◆ Work instruction ◆
Find the line below with "1921. Chr. X, 1" and the line with "Lots of mark". Output exactly those lines and everything between them, leaving out the pictures.

◆ Data records ◆
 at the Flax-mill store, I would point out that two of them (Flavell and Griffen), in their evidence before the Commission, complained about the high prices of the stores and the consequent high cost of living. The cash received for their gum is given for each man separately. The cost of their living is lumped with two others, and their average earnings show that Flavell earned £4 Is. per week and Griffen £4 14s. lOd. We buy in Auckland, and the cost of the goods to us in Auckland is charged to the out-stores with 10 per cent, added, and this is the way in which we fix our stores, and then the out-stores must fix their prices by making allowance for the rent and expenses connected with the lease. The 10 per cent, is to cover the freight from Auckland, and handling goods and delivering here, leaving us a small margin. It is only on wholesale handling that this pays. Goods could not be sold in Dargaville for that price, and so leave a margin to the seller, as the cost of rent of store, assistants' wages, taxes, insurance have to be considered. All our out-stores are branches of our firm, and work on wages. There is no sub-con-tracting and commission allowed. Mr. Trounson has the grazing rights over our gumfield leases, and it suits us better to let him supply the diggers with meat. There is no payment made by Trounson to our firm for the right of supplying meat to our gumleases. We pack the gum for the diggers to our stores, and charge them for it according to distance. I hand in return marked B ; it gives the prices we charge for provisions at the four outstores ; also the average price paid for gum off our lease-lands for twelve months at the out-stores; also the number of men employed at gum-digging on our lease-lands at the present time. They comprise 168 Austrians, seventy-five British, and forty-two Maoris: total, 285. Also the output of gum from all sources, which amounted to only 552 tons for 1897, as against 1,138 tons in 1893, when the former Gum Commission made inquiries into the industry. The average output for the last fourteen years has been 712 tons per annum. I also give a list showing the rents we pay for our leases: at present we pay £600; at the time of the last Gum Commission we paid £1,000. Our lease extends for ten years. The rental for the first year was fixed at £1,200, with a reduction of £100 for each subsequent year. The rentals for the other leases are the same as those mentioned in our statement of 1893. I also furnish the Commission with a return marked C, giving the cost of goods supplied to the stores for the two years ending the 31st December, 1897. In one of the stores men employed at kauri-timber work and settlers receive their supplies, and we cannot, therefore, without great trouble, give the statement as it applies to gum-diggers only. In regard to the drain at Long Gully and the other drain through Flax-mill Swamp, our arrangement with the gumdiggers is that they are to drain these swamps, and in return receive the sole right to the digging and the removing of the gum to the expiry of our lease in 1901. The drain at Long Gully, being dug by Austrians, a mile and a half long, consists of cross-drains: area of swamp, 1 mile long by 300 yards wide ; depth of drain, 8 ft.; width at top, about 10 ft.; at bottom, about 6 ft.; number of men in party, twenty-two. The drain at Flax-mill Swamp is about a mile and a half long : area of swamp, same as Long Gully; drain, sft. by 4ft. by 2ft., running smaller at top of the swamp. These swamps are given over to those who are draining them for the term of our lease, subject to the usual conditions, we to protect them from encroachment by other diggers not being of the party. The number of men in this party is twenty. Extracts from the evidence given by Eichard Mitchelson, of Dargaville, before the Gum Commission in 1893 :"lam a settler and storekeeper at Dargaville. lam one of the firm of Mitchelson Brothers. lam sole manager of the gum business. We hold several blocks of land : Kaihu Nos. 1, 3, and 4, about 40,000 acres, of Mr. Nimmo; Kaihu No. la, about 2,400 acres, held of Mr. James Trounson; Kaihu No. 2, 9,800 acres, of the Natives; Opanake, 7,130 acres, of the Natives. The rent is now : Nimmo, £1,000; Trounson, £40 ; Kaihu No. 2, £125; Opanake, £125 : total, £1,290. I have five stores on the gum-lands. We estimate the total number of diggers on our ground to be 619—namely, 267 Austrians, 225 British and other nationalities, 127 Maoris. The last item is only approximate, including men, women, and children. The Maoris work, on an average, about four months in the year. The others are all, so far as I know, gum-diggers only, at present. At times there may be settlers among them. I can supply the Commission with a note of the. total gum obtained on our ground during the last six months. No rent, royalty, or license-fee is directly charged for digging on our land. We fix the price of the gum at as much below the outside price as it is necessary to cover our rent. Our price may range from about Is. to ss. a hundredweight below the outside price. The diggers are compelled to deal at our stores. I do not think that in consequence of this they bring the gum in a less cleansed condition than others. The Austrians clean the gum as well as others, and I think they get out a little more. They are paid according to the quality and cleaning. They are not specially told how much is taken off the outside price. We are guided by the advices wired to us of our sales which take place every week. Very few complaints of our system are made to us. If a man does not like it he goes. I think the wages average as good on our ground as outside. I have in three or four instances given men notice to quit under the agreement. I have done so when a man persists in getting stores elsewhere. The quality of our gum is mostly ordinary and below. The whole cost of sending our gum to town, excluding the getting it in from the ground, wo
* * *
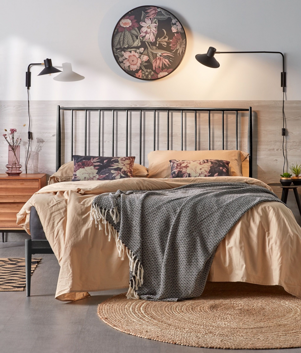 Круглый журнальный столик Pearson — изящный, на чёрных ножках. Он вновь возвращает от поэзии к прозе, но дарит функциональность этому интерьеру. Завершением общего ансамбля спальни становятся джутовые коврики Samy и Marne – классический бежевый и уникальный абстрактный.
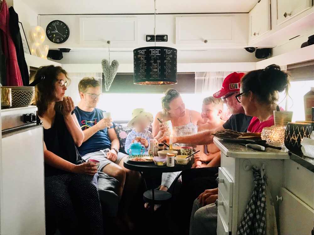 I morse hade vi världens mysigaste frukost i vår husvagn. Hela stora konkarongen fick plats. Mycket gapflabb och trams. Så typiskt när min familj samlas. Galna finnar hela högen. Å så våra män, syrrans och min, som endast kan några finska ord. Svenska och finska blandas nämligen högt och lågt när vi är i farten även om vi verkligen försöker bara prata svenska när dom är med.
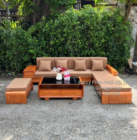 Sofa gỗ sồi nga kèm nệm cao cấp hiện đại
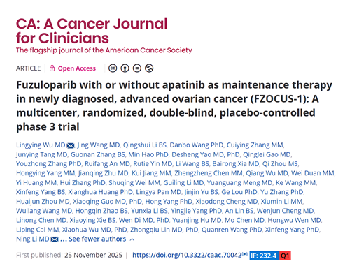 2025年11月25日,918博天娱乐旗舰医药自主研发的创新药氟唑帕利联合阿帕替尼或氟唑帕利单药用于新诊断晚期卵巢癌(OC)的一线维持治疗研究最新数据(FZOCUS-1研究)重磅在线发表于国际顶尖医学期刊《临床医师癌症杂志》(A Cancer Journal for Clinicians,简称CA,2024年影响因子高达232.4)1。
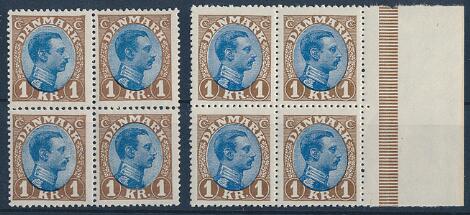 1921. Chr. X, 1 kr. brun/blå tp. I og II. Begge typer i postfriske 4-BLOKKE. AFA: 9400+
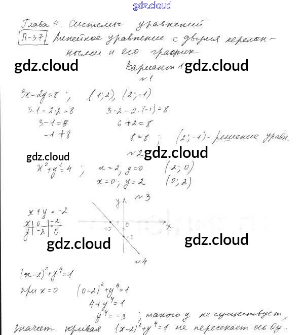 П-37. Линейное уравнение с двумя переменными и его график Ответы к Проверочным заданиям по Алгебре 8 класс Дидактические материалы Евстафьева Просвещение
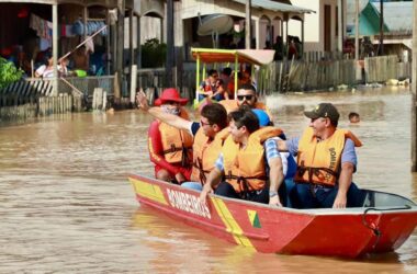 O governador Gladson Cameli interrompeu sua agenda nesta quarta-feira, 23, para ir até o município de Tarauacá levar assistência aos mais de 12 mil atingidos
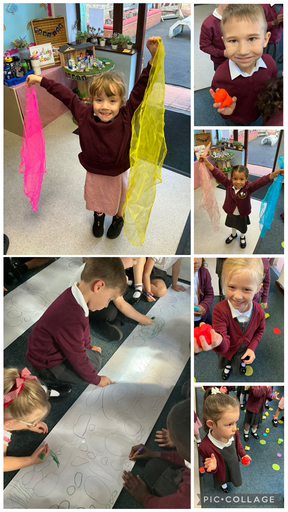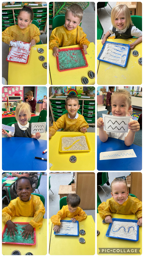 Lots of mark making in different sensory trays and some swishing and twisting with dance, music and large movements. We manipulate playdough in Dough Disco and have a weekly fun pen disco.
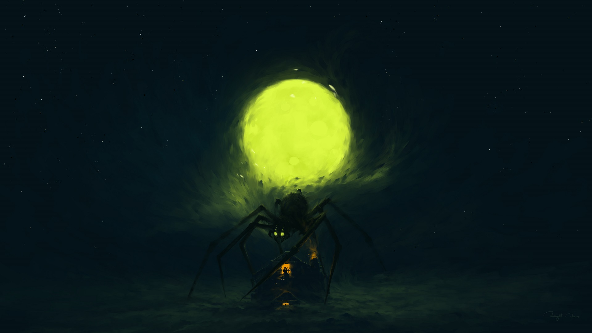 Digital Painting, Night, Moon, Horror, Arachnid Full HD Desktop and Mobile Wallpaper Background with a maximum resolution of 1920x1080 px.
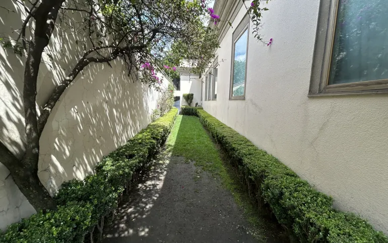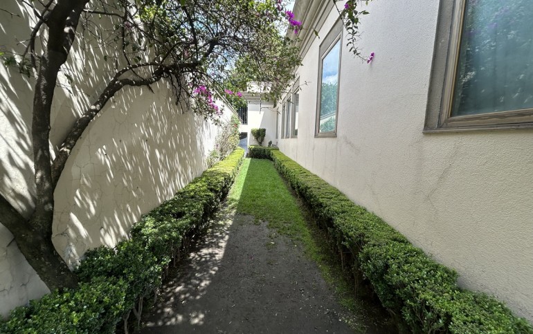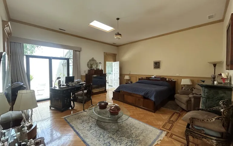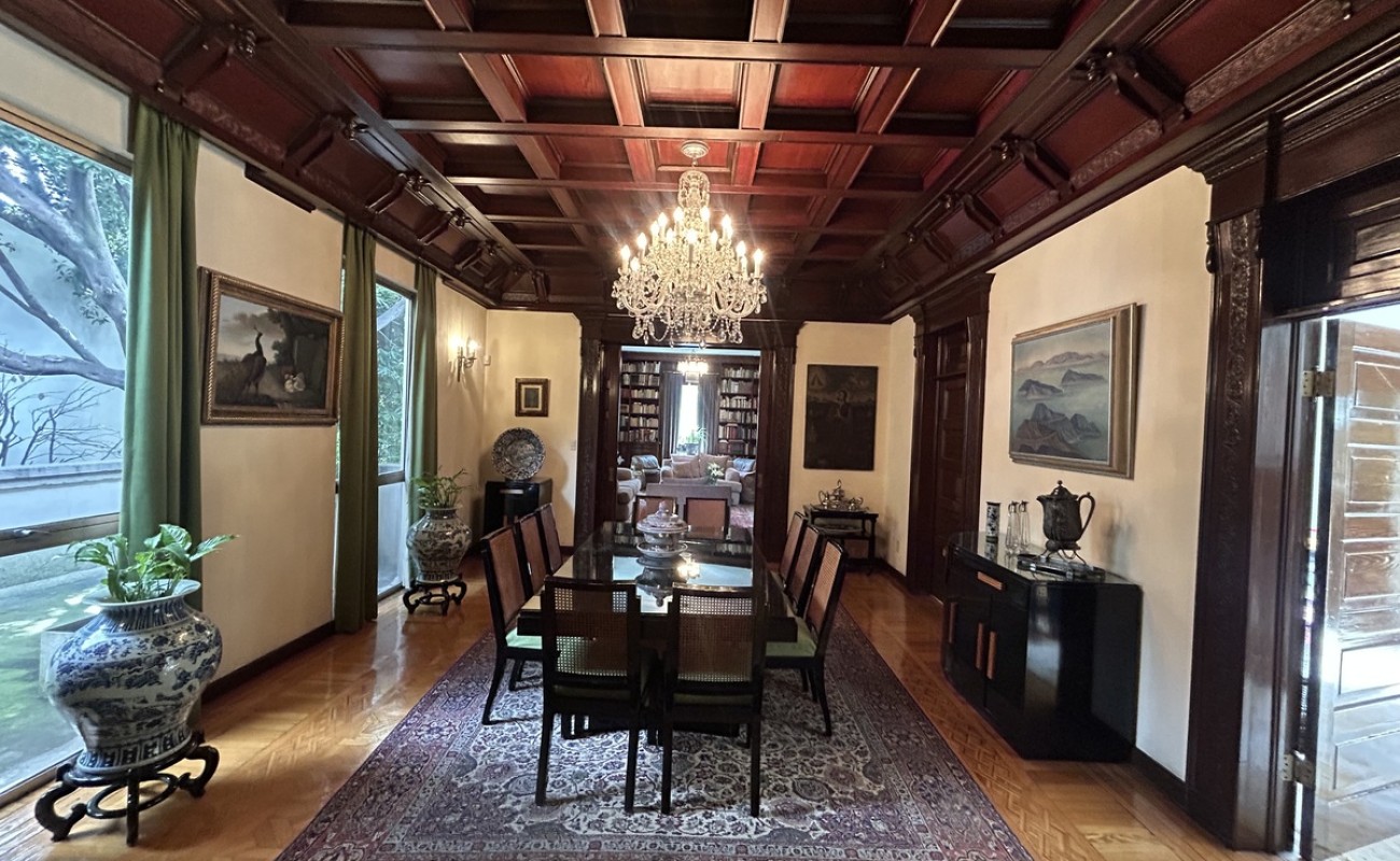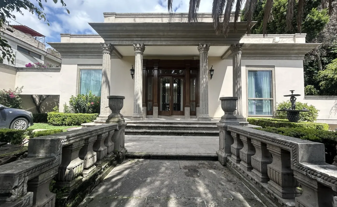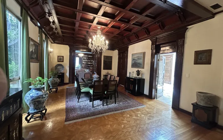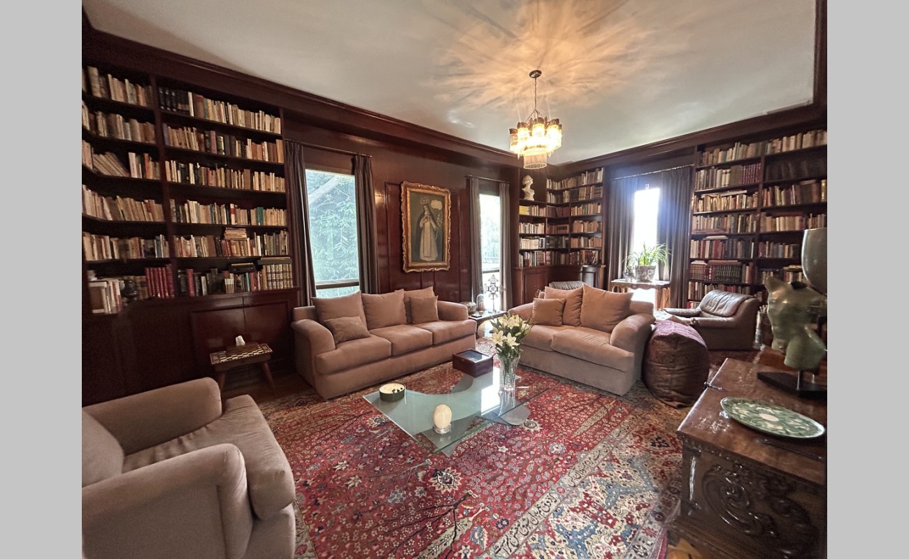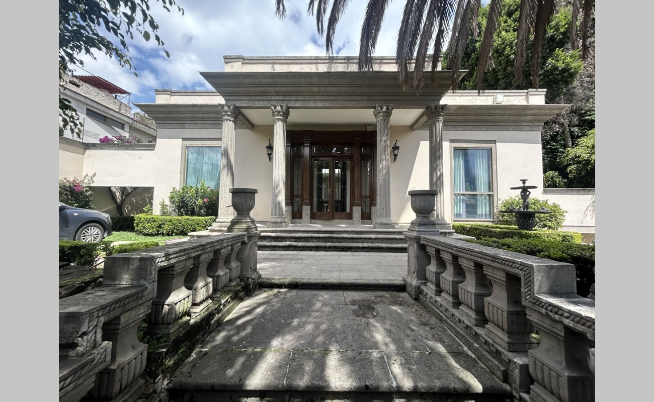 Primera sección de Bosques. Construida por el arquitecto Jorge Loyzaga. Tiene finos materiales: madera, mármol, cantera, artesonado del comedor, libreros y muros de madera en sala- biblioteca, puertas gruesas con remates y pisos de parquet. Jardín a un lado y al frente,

◆ Solved exercise ◆
 1921. Chr. X, 1 kr. brun/blå tp. I og II. Begge typer i postfriske 4-BLOKKE. AFA: 9400+
 П-37. Линейное уравнение с двумя переменными и его график Ответы к Проверочным заданиям по Алгебре 8 класс Дидактические материалы Евстафьева Просвещение
 O governador Gladson Cameli interrompeu sua agenda nesta quarta-feira, 23, para ir até o município de Tarauacá levar assistência aos mais de 12 mil atingidos
 Lots of mark making in different sensory trays and some swishing and twisting with dance, music and large movements. We manipulate playdough in Dough Disco and have a weekly fun pen disco.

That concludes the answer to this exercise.